On January 7, 2021, the Company, SmallCellSite.com LLC, a Virginia limited liability company (“SCS LLC”) and SmallCellSite, Inc., a newly formed Nevada corporation and wholly owned subsidiary of the Company (“SCS”) entered into an asset purchase agreement (“APA”) to acquire SCS LLC’s wireless communications marketing and database services business. SCS LLC is a source of more than 80,000 cell sites offered by property owners for use by wireless network operators.
Basis of Presentation
The accompanying unaudited condensed consolidated financial statements of the Company have been prepared in accordance with accounting principles generally accepted in the United States of America for interim financial information and with the instructions to Form 10-Q and Rule 10-01 of Regulation S-X. Accordingly, they do not include all of the information and footnotes required by generally accepted accounting principles for complete financial statements. In the opinion of management, all normal recurring adjustments considered necessary for a fair presentation have been included. Operating results for the three and nine months ended September 30, 2023 are not necessarily indicative of the results that may be expected for the year ending December 31, 2023. For further information refer to the financial statements and notes thereto included in the Company’s Form 10-K for the year ended December 31, 2022.
Going Concern
The accompanying financial statements are prepared using accounting principles generally accepted in the United States of America applicable to a going concern, which contemplate the realization of assets and liquidation of liabilities in the normal course of business. As of September 30, 2023, our current liabilities exceeded our current assets by $1,018,730 and we had an accumulated deficit of $52,595,563. The Company currently does not have the cash resources to meet its operating commitments for the next twelve months and expects to have ongoing requirements for capital investment or debt to implement its business plan. These factors, among others, raise substantial doubt that the Company will be able to continue as a going concern for a reasonable period of time.
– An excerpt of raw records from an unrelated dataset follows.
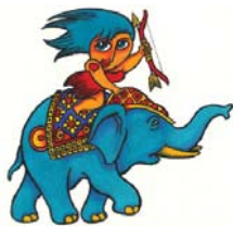
Amazon Heart Odyssey

Applications for our latest amazing adventure, the Amazon Heart Odyssey Montana 2006 have just opened!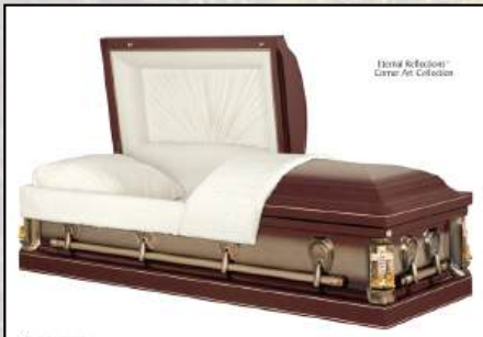
MARQUETTE, 18 GAUGE Arbutus Velvet Interior $4,395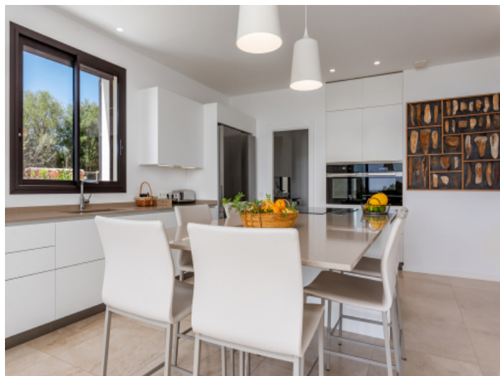
Kitchen with dining area

The ability of the Company to continue as a going concern is dependent upon, among other things, raising additional capital. The Company has obtained operating funds primarily from the issuance of convertible debt. Management believes this funding will continue and will provide the additional cash needed to meet the Company’s obligations as they become due. There can be no assurance, however, that the Company will be successful in accomplishing its objectives. Without such additional capital we may be required to cease operations. The accompanying financial statements do not include any adjustments that might result should the Company be unable to continue as a going concern.
8 |
2. SUMMARY OF SIGNIFICANT ACCOUNTING POLICIES
The significant accounting policies of the Company are disclosed in Note 2 to the Notes to Financial Statements included in the Company’s Annual Report on Form 10-K filed with the Securities and Exchange Commission on March 20, 2023. The following summary of significant accounting policies of the Company is presented to assist in understanding the Company’s interim financial statements. The financial statements and notes are representations of the Company’s management, which is responsible for their integrity and objectivity. These accounting policies conform to accounting principles generally accepted in the United States of America and have been consistently applied in the preparation of the financial statements.
Use of Estimates
The preparation of financial statements in conformity with generally accepted accounting principles requires management to make estimates and assumptions that affect the amounts reported in the accompanying financial statements. Significant estimates made in preparing these financial statements include the estimate of useful lives of property and equipment and intangible assets, operating lease obligations, impairment of assets, the deferred tax valuation allowance, the fair value of stock options and derivative liabilities. Actual results could differ from those estimates.
Consolidation
The accompanying consolidated financial statements include the accounts of the Company and of SCS, its wholly owned subsidiary. All significant intercompany accounts and transactions have been eliminated in consolidation.
Intangible Assets
The identifiable intangible assets acquired in the SCS acquisition are amortized using the straight-line method over an estimated life of 5 years.
Derivative Liabilities
We have identified the conversion features of some of our convertible notes payable as derivatives due to their variable conversion price. Where the number of common shares to be issued under these agreements is indeterminate, the Company has concluded that the equity environment is tainted, and all additional convertible debt is included in the value of the derivatives. We estimate the fair value of the derivatives using a Black-Scholes pricing model and/or a multinomial lattice model based on projections of various potential future outcomes. We estimate the fair value of the derivative liabilities at the inception of the financial instruments, at the date of conversions to equity and at each reporting date, recording a derivative liability, debt discount, additional paid-in capital and a gain or loss on change in derivative liabilities as applicable. These estimates are based on multiple inputs, including the market price of our stock, interest rates, our stock price volatility, variable conversion prices based on market prices as defined in the respective agreements and probabilities of certain outcomes based on management projections. These inputs are subject to significant changes from period to period and to management’s judgment; therefore, the estimated fair value of the derivative liabilities will fluctuate from period to period, and the fluctuation may be material.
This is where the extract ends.